*** Data for this task Section Begins ***
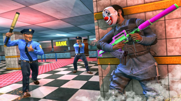 2、玩家需要躲避警察的追逐并且在银行中淘汰警察和自己的同伙完成抢劫金额成功撤退让所有的警察束手无策。
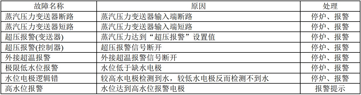 注: “高水位报警”不停炉。
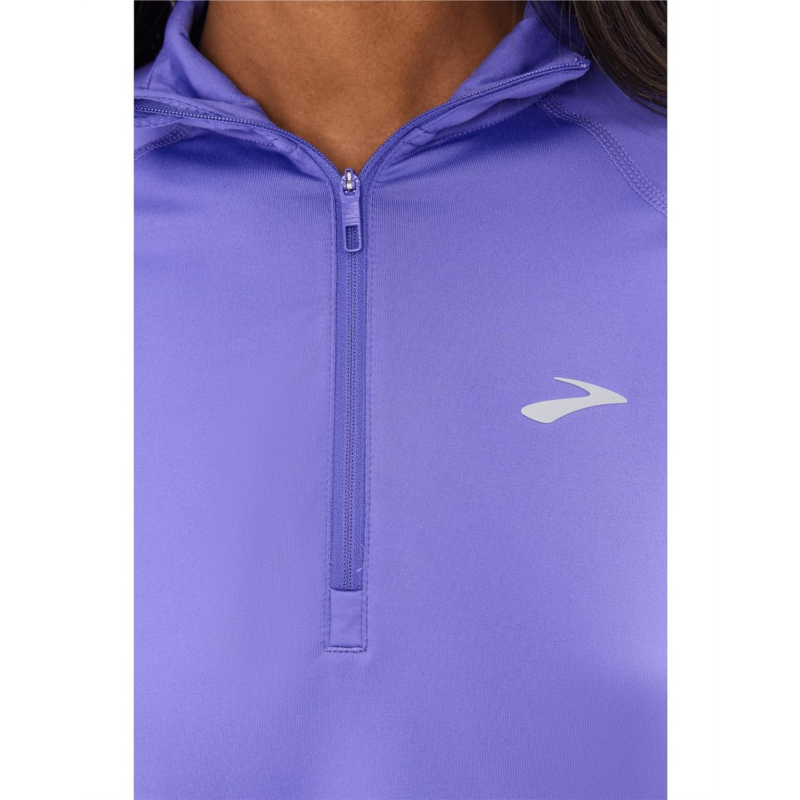 - Engineered for the modern runner, the Brooks Dash 1/2 Zip 3.0 is your go-to layering essential, delivering distraction-free comfort with lightweight warmth and next-level mobility. Crafted in a semi-fitted silhouette for a streamlined look, its built with advanced stretch fabric that adapts to your every move-whether youre pacing through early morning miles or cooling down post-run. The collared neck with a half-zipper design offers adjustable ventilation, while thumbholes keep sleeves securely in place for a stay-put feel. Reflective branding enhances visibility in low-light conditions, ensuring youre seen and safe. The pull-on design and smooth construction eliminate bulk and chafing, making it ideal for layering without compromising breathability or performance.
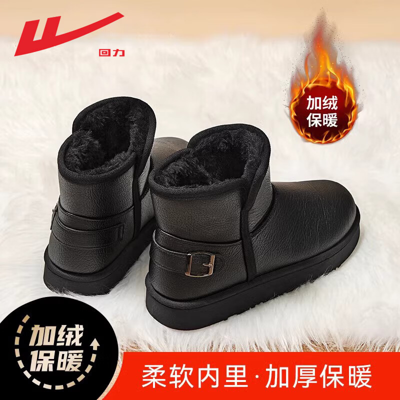 回力雪地靴男冬季保暖男鞋加绒加厚黑色棉鞋子男 W-2024 黑色 41
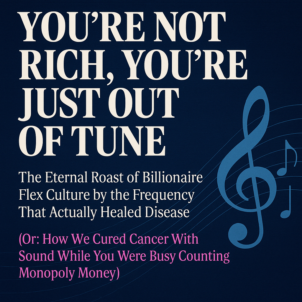 The Eternal Roast of Billionaire Flex Culture by the Frequency That Actually Healed Disease (Or: How We Cured Cancer With Sound While You Were Busy Counting Monopoly Money)
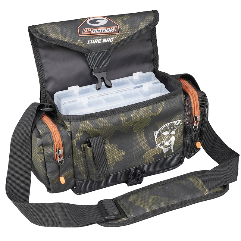 • ködertasche mit 3 herausnehmbaren, unterteilten boxen • ideal zur aufbewahrung kleiner wobblers oder gummiköder • seitentaschen mit reißverschluss zur aufbewahrung von zubehör, eine aus gummiertem netz, die andere aus stoff; vordertasche für zange • verstellbarer schultergurt. • stoff mit tarnmuster.
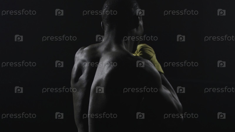 Задний вид мускулистого мужчины боксирует на черном фоне. Афроамериканский молодой боксер, практикующий теневой бокс. Боксер в желтых боксерских перчатках
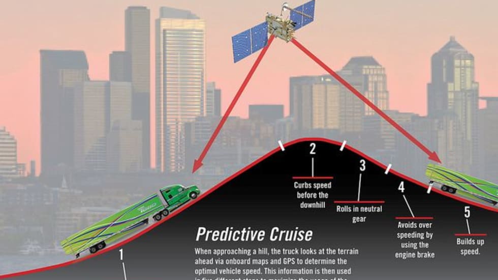 Predictive cruise control uses terrain mapping and GPS satellite locating to manage the engine and transmission for efficient operation on up- and downgrades.
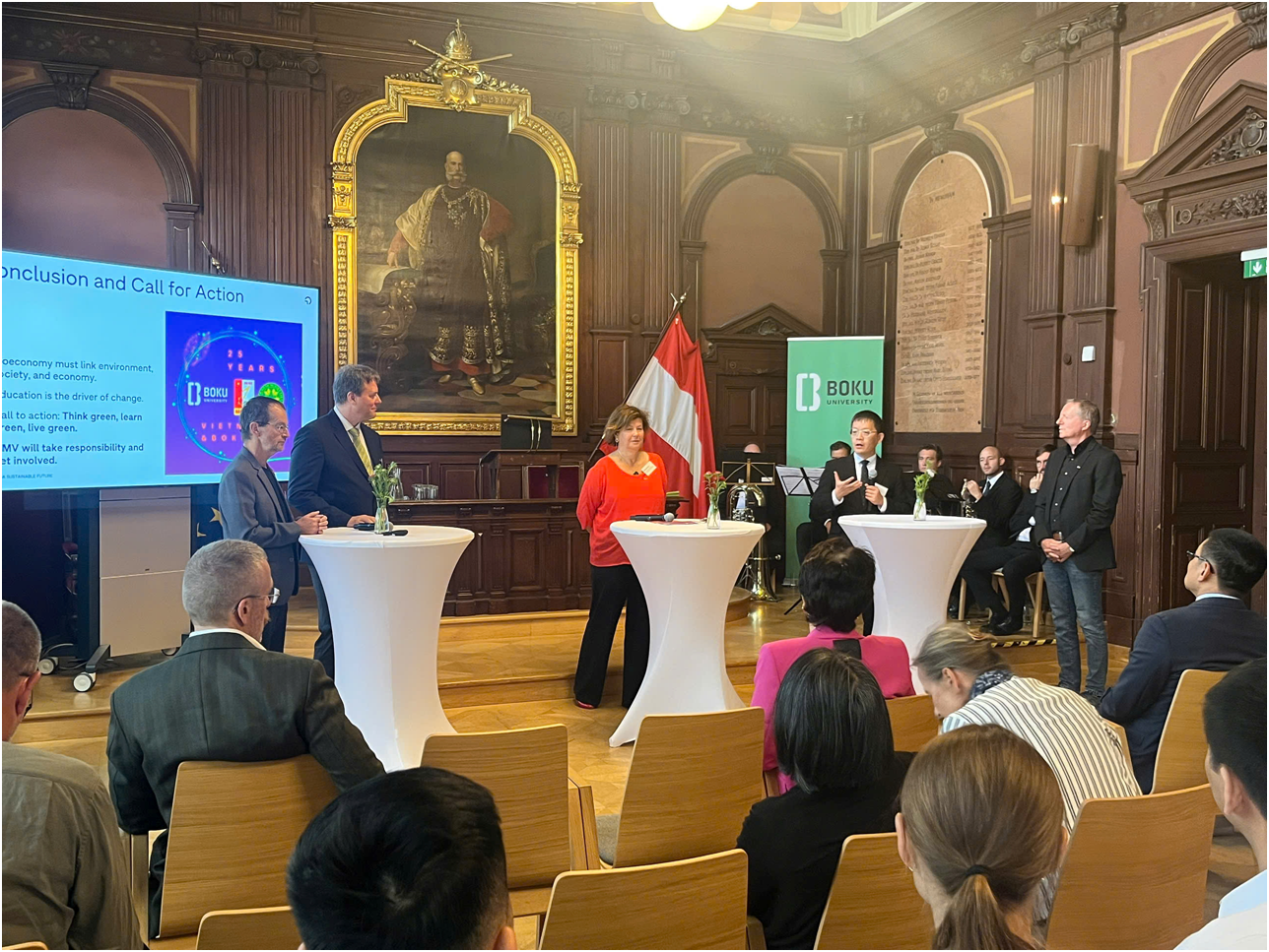 Buổi lễ tiếp nối với tọa đàm “BioEconomy, đổi mới xanh và hợp tác đào tạo hướng đến 2030”, quy tụ các nhà khoa học HUST và BOKU. Với tinh thần “Think green, learn green, live green”, các đại biểu đã thảo luận về vai trò của giáo dục trong thúc đẩy phát triển bền vững. PGS. Chu Kỳ Sơn bày tỏ mong muốn áp dụng kinh nghiệm phát triển xanh của Áo tại Việt Nam, góp phần hỗ trợ chiến lược chuyển đổi xanh.
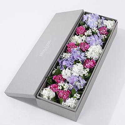 紫色白边康乃馨8枝、白绣球1枝、蓝紫色绣球1枝
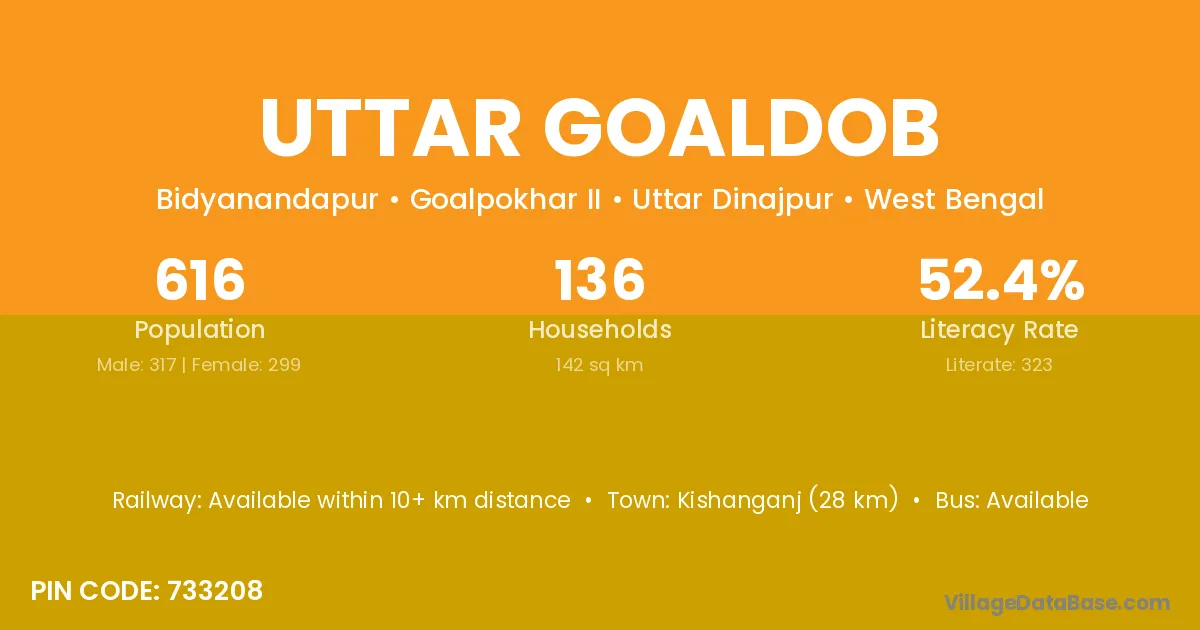 Kishanganj (28 km) is the nearest town to Uttar Goaldob village for major economic activities and is located approximately 28 km away.
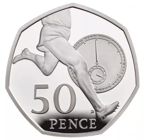 Brytyjska pięćdziesięciopensówka kończy w tym roku 50 lat. Z tej okazji królewska mennica wyda limitowaną serię monety z motywem biegowym, przypominającym o historycznym wyczynie Rogera Bannistera, który w 1954 r. jako pierwszy człowiek pobiegł 1 mile poniżej 4 minut.
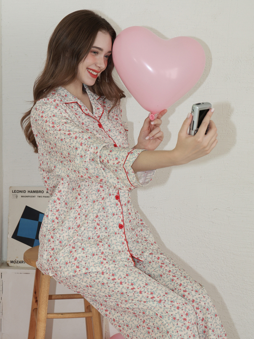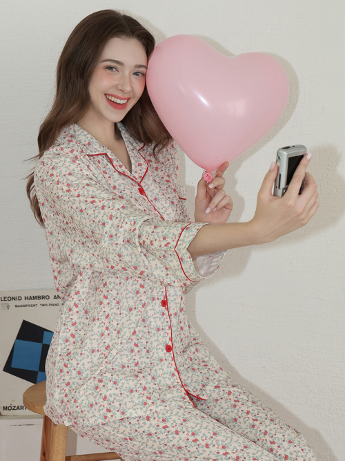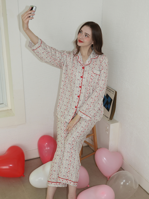 [2PACK] 로맨틱 플로랄 클린핏 커플잠옷 긴팔 파자마 상하의 세트
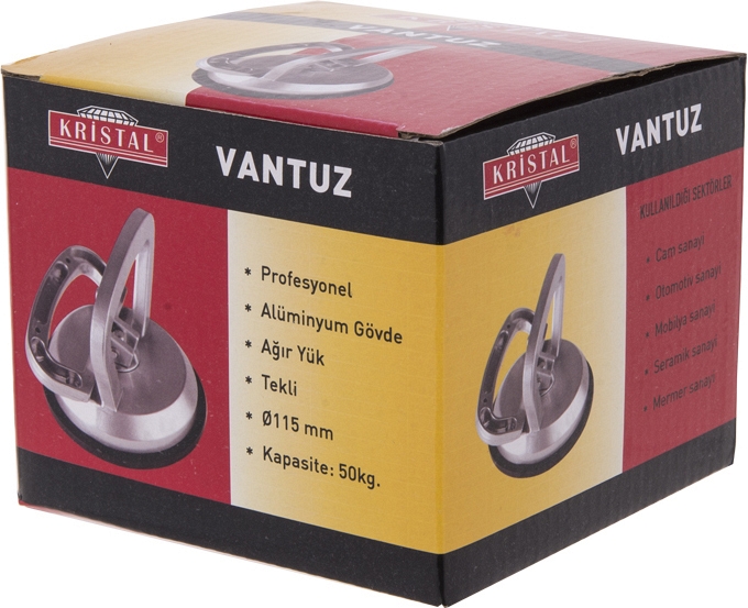 Присоска вакуумная одночашечная Kristal 115 мм (Кристал 115 мм) предназначена для перемещения и ручной транспортировки гладких пластин из натуральных и искусственных каменных материалов. Позволяет надежно и безопасно удерживать и переносить листовое стекло, а также пластик. Цена относительно невелика, поэтому позволяет приобретение небольшими мастерскими и индивидуальными мастерами.
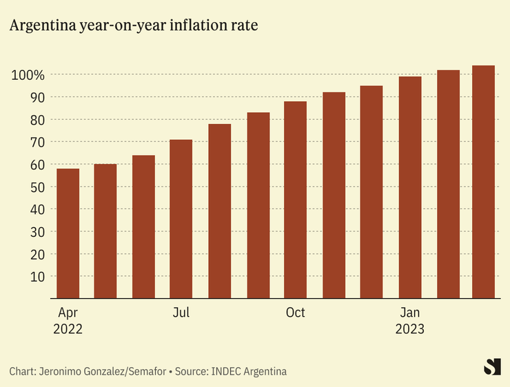 Argentina’s inflation rate is one of the highest in the world, sitting at 109% in April. But the rate is expected to climb even higher, and is projected to hit 150% over the next 12 months.
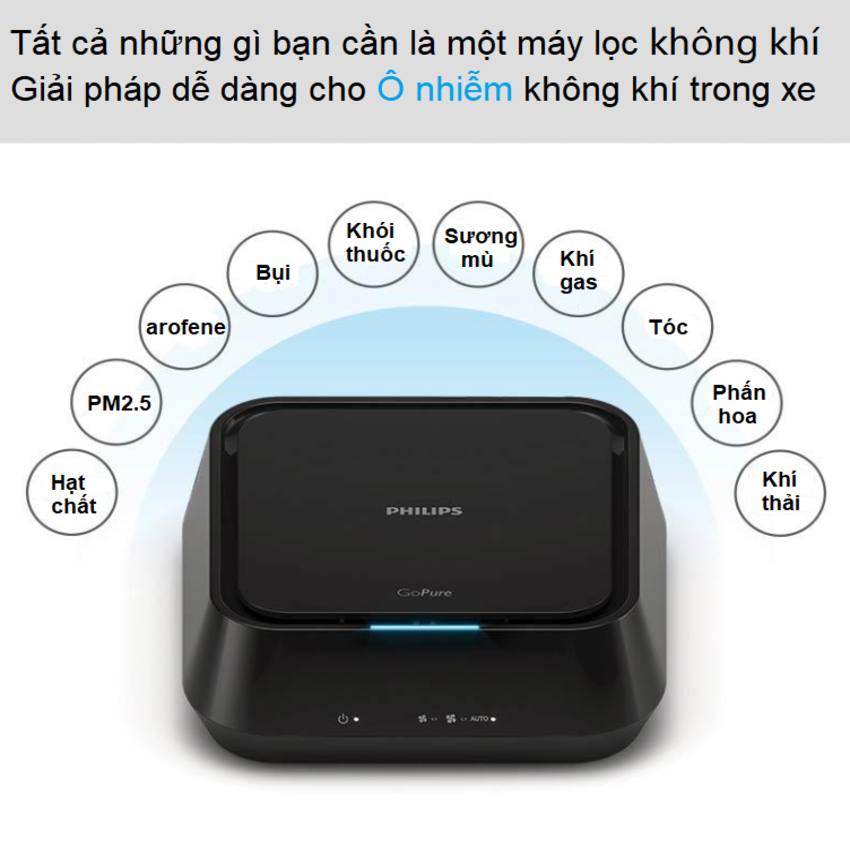 Máy lọc không khí ô tô Philips hút mùi hôi, chất gây ô nhiễm bao gồm vi khuẩn, vi rút GoPure GP5301 đèn báo 3 chế độ Công nghệ lọc Philips SelectFilter Plus làm sạch
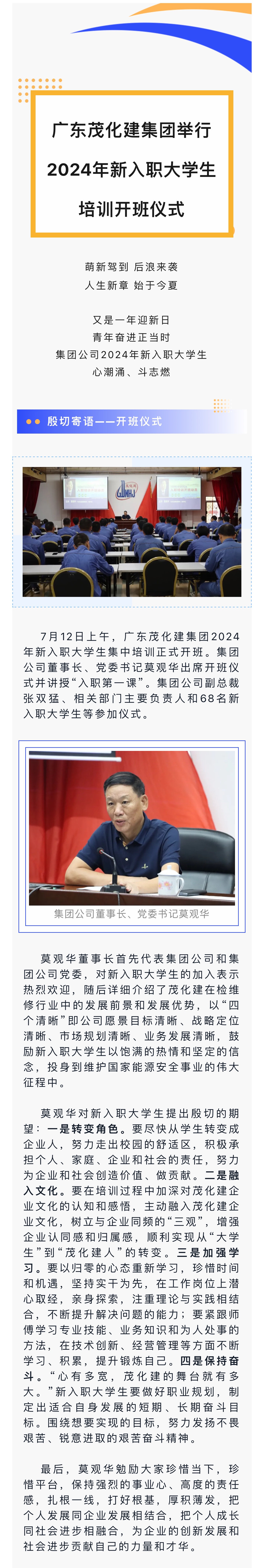 廣東茂化建集團舉行2024年新入職大學生培訓開班儀式
*** Data for this task Section Ends ***
◆ **Problem to solve**: Every line of the data should be copied as it stands, without the images.

◆ **Answer to this exercise**:
 2、玩家需要躲避警察的追逐并且在银行中淘汰警察和自己的同伙完成抢劫金额成功撤退让所有的警察束手无策。
 注: “高水位报警”不停炉。
 - Engineered for the modern runner, the Brooks Dash 1/2 Zip 3.0 is your go-to layering essential, delivering distraction-free comfort with lightweight warmth and next-level mobility. Crafted in a semi-fitted silhouette for a streamlined look, its built with advanced stretch fabric that adapts to your every move-whether youre pacing through early morning miles or cooling down post-run. The collared neck with a half-zipper design offers adjustable ventilation, while thumbholes keep sleeves securely in place for a stay-put feel. Reflective branding enhances visibility in low-light conditions, ensuring youre seen and safe. The pull-on design and smooth construction eliminate bulk and chafing, making it ideal for layering without compromising breathability or performance.
 回力雪地靴男冬季保暖男鞋加绒加厚黑色棉鞋子男 W-2024 黑色 41
 The Eternal Roast of Billionaire Flex Culture by the Frequency That Actually Healed Disease (Or: How We Cured Cancer With Sound While You Were Busy Counting Monopoly Money)
 • ködertasche mit 3 herausnehmbaren, unterteilten boxen • ideal zur aufbewahrung kleiner wobblers oder gummiköder • seitentaschen mit reißverschluss zur aufbewahrung von zubehör, eine aus gummiertem netz, die andere aus stoff; vordertasche für zange • verstellbarer schultergurt. • stoff mit tarnmuster.
 Задний вид мускулистого мужчины боксирует на черном фоне. Афроамериканский молодой боксер, практикующий теневой бокс. Боксер в желтых боксерских перчатках
 Predictive cruise control uses terrain mapping and GPS satellite locating to manage the engine and transmission for efficient operation on up- and downgrades.
 Buổi lễ tiếp nối với tọa đàm “BioEconomy, đổi mới xanh và hợp tác đào tạo hướng đến 2030”, quy tụ các nhà khoa học HUST và BOKU. Với tinh thần “Think green, learn green, live green”, các đại biểu đã thảo luận về vai trò của giáo dục trong thúc đẩy phát triển bền vững. PGS. Chu Kỳ Sơn bày tỏ mong muốn áp dụng kinh nghiệm phát triển xanh của Áo tại Việt Nam, góp phần hỗ trợ chiến lược chuyển đổi xanh.
 紫色白边康乃馨8枝、白绣球1枝、蓝紫色绣球1枝
 Kishanganj (28 km) is the nearest town to Uttar Goaldob village for major economic activities and is located approximately 28 km away.
 Brytyjska pięćdziesięciopensówka kończy w tym roku 50 lat. Z tej okazji królewska mennica wyda limitowaną serię monety z motywem biegowym, przypominającym o historycznym wyczynie Rogera Bannistera, który w 1954 r. jako pierwszy człowiek pobiegł 1 mile poniżej 4 minut.
 [2PACK] 로맨틱 플로랄 클린핏 커플잠옷 긴팔 파자마 상하의 세트
 Присоска вакуумная одночашечная Kristal 115 мм (Кристал 115 мм) предназначена для перемещения и ручной транспортировки гладких пластин из натуральных и искусственных каменных материалов. Позволяет надежно и безопасно удерживать и переносить листовое стекло, а также пластик. Цена относительно невелика, поэтому позволяет приобретение небольшими мастерскими и индивидуальными мастерами.
 Argentina’s inflation rate is one of the highest in the world, sitting at 109% in April. But the rate is expected to climb even higher, and is projected to hit 150% over the next 12 months.
 Máy lọc không khí ô tô Philips hút mùi hôi, chất gây ô nhiễm bao gồm vi khuẩn, vi rút GoPure GP5301 đèn báo 3 chế độ Công nghệ lọc Philips SelectFilter Plus làm sạch
 廣東茂化建集團舉行2024年新入職大學生培訓開班儀式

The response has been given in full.